For the 1950s trilogy (an informal designation, since it’s really only the similarity in titles that made me pick these particular films), the gradual rise in paranoia, distrust and revulsion is tempered by the confidence of the era. Or, conversely, the obligatory happy endings are subverted by the darker buried themes. The self-censorship and comparatively limited special effects of the time make for the most blatant contrast with the relentlessly violent remakes. There were also conventions learned from the previous two decades of horror movies — the tactics of suggestion and disguise. So it is that the first “appearance” of the alien in The Thing ’51 is off-camera. What we are shown is the terrified reaction of the airman on watch. The inventor in The Fly ’58 spends much of the film hooded by a black towel, hiding his frightful appearance from his beloved like the Phantom of the Opera. Much of the plot of The Blob ’58 and its remake involves teenagers trying to convince adults about a monster that’s disappeared somewhere. These movies rely to varying degrees on the time-honored campfire storytelling that can bring a monster to life in the imagination.
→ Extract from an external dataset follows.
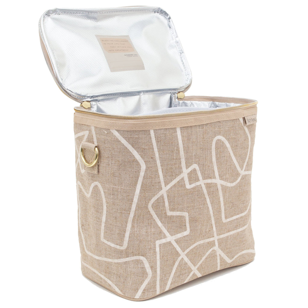 Meet your new favourite lunch bag! A contemporary version of our large cooler bags, our Lunch Poches (French for "Pocket") were designed to complement foodie, fashion and wellness focused lifestyles. It's time to stop using shopping bags to carry your lunch and elevate the lunch experience. Purposeful features include a removable insert lining for easy cleaning, a messenger strap to double as a purse, and an inspirational name tag to remind you to live with intention. Constructed of our signature linen blend with tonal trims and gold hardware, our Block Brush print has a sophisticated, minimal vibe.

They are also driven by the fact that monsters aren’t all we have to worry about. As I wrote last month, so it is again: nature itself, not to mention other human beings, can be just as serious a threat.
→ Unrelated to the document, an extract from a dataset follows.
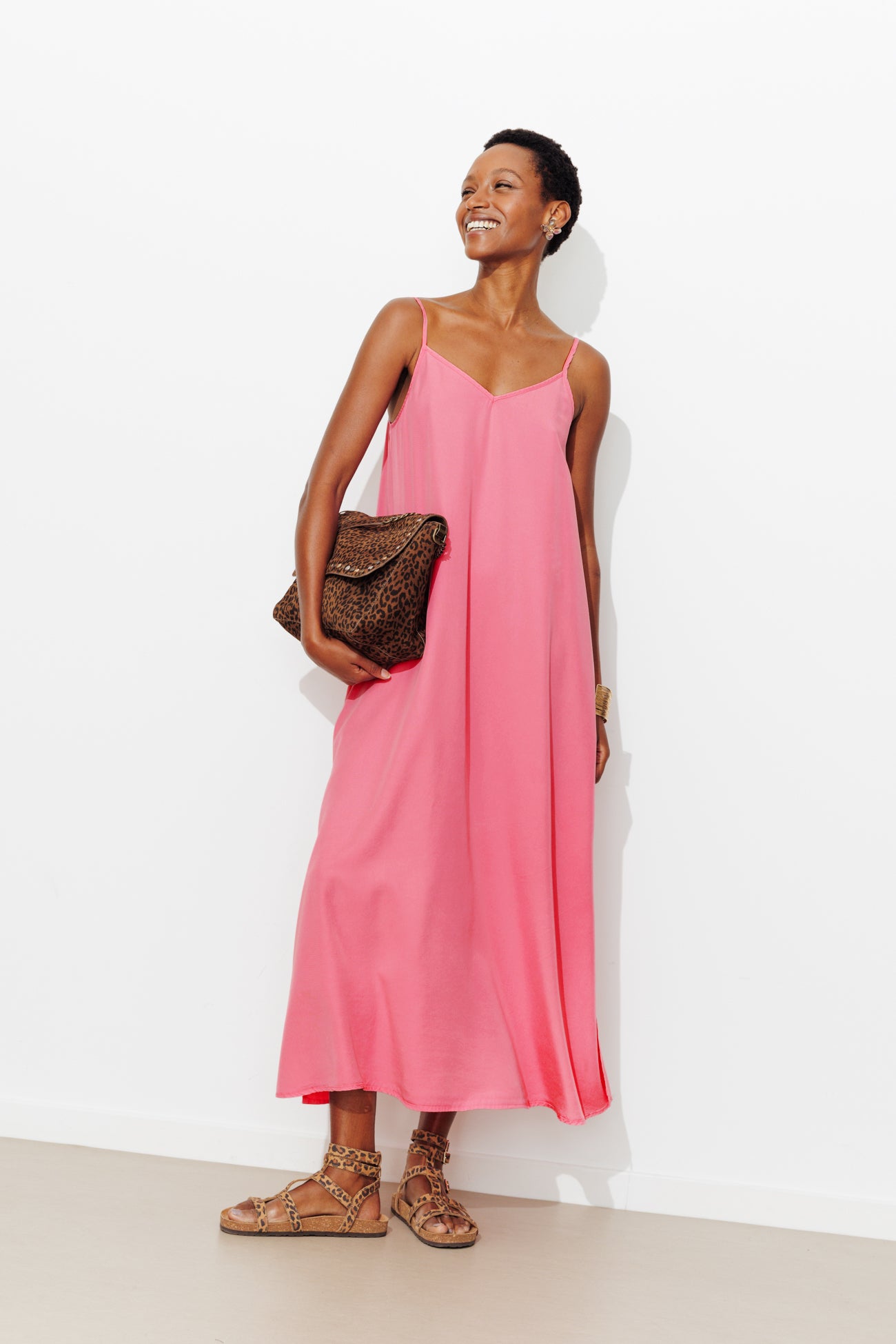 Cette robe à fines bretelles (ajustables) est l'une des premières à s'exposer au soleil et à défiler sous les dernières heures de l'été indien ! A avoir absolument. Coupe évasée. Décolleté V devant et dos. Base arrondie. Finition piquée. Cette robe est confectionnée en 100% lyocell, une matière issue de pulpe de bois d’eucalyptus provenant de forêts gérées.

The Thing ’51 makes the most explicit allusions to the Cold War of all six films, with its references to the Atomic Age and its military heroes. A film marked by the camaraderie of its ensemble (which is the primary reason it’s been suggested that Howard Hawks, who produced the film, may have had a hand in directing it as well), The Thing shows a group of intelligent people putting their heads together to solve problems. Their main problem is an alien attacker, but they also have to contend with a group of scientists whom they’ve joined at an Arctic outpost. It’s interesting to compare Dr. Carrington (Robert Cornthwaite) to the Takashi Shimura character in the original Godzilla. They both are of the opinion that the monster is fascinating and should be studied, not merely destroyed. They both fail to get their way. But the latter is significantly more sympathetic than the former. Every detail of characterization in The Thing points to Dr. Carrington’s wrongness. By the end, he literally prefers science to the lives of everyone around him. In a way, The Thing is an argument for applied science over pure science. The heroes figure out how to use electricity to stop an unstoppable force. The insidious intruder is defeated, but we are left with the famous warning, “Watch the skies.”
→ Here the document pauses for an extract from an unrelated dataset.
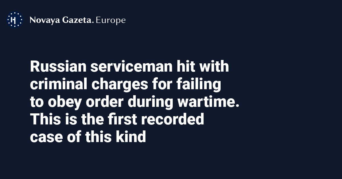 A regional military investigation department of the Russian Investigative Committee has initiated criminal proceedings against a contract serviceman for failing to obey an order during wartime, head of the Agora human rights group Pavel Chikov said on his Telegram channel.

Both versions of the The Fly have Canadian associations, as it happens, so their connection to specifically American fears is less pronounced. Still, The Fly ’58 is all about the perils of rapid progress. The Space Race had begun, and everything seemed possible. But there was also the fear that humanity had gone too far, that perhaps our bodies could never survive space flight, that a million things could go terribly wrong. It could be said that nuclear weapons hung some distance above these fears as well. And so, in The Fly the dream of teleportation becomes a nightmare after the smallest of mistakes. As much a domestic melodrama as a creepy tale, the story leans into the tragedy of a husband who must cut himself off from his wife while begging her to save him. The flashback structure, unique among these six films, makes the mid-film switch to the wife’s (Patricia Owens) point of view a welcome surprise. She’s a complex figure, alternating real terror and feigned madness. Once again, the scientist’s quest for knowledge goes to fatal excess. The film’s notorious ending may be ripe for parody, but it’s still mightily effective as pure horror, lingering maniacally on a gruesome fate.
The Blob ’58 is both the shortest and undoubtedly the lightest of these films (much as The Thing ’82 is the longest and heaviest), starting with the bouncing Burt Bacharach tune that plays over the opening credits. The alien sludge that absorbs every human who touches it is a true threat, but it takes a long time to become a serious one. Most of the film is about the Generation Gap — the first intimations in this cycle of a mistrust of domestic authority figures. These kids with their hot rods, their rock-n-roll, their midnight movies, are automatically suspected for a mysterious case of vandalism. It doesn’t help that our hero (Steve McQueen, in his first starring role) lacks the vocabulary to describe what really happened — not that we can blame him, since the thing is quite literally formless. The Blob ’58 isn’t exactly a classic of teenage rebellion. The director, Irvin Yeaworth, was a Christian whose heart wasn’t quite in it. But the idea of an attack from the sky, a foreign invasion, still resonated with people. As in The Thing, our hero ultimately finds an ingenious solution to the problem, though this time it’s basically by accident.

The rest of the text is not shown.